Sports venue in Medellín, Colombia

Atanasio Girardot Sports Complex (officially Unidad Deportiva Atanasio Girardot) is a sports complex located in Medellín, Colombia. The complex includes Estadio Atanasio Girardot, Medellín Sports Coliseum, Luis Alberto Villegas Stadium, and Alfonso Galvis Duque Stadium.
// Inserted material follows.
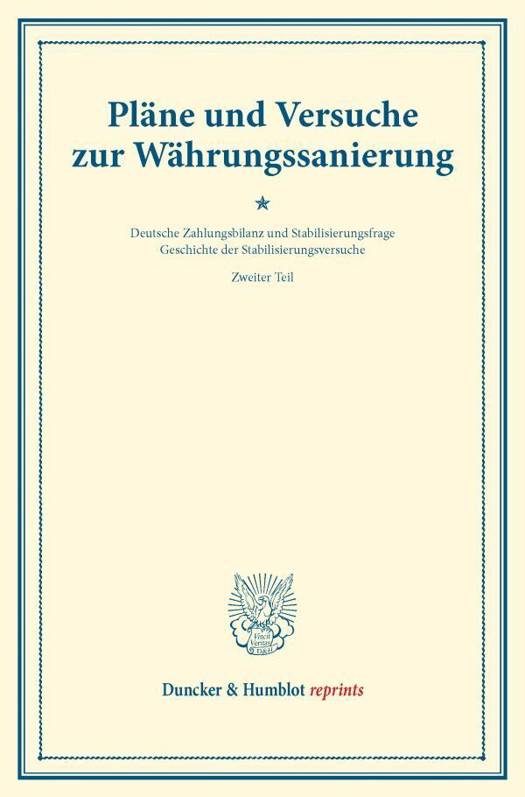 Geschichte Der Stabilisierungsversuche, Hrsg. Von Melchior Palyi, Zweiter Teil. Deutsche Zahlungsbilanz Und Stabilisierungsfrage, Im Auftrage Des Vereins Veranstaltet Von Karl Diehl / Felix Somary. (Schriften Des Vereins Fur Sozialpolitik 165/II)

== Atanasio Girardot Stadium ==
Estadio Atanasio Girardot (Atanasio Girardot Stadium), commonly referred to as El Atanasio, is currently used mostly for football matches by two teams, Atlético Nacional and Independiente Medellín, two of the most successful and popular football clubs from Colombia. Its current capacity is 44,826 which ranks as the third largest in the country behind Estadio Deportivo Cali and Estadio Metropolitano Roberto Meléndez. The stadium was named after Atanasio Girardot, a Colombian revolutionary leader who fought alongside Simón Bolívar.
== Medellín Sports Coliseum==

Medellin Sports Coliseum is a complex of five sports arenas: the Guillermo Gaviria Correa Coliseum for Martial Arts, the Jorge Valderrama Coliseum for Handball, the Jorge Hugo Giraldo Coliseum for Gymnastics, the Iván de Beodut Coliseum for Basketball, and the Yesid Santos Coliseum for Volleyball. The five gymnasiums were designed by Giancarlo Mazzanti and Plan B Architects. Three coliseums were renovated and two new coliseums were constructed in 18 months and with CO$50 million in preparation for the 2010 South American Games. The coliseum was built with wavy, sloped green roofs, and has an area of 493,000 square feet.

== Transport ==
The complex has its own station on line B of the Medellín Metro, which is named Estadio.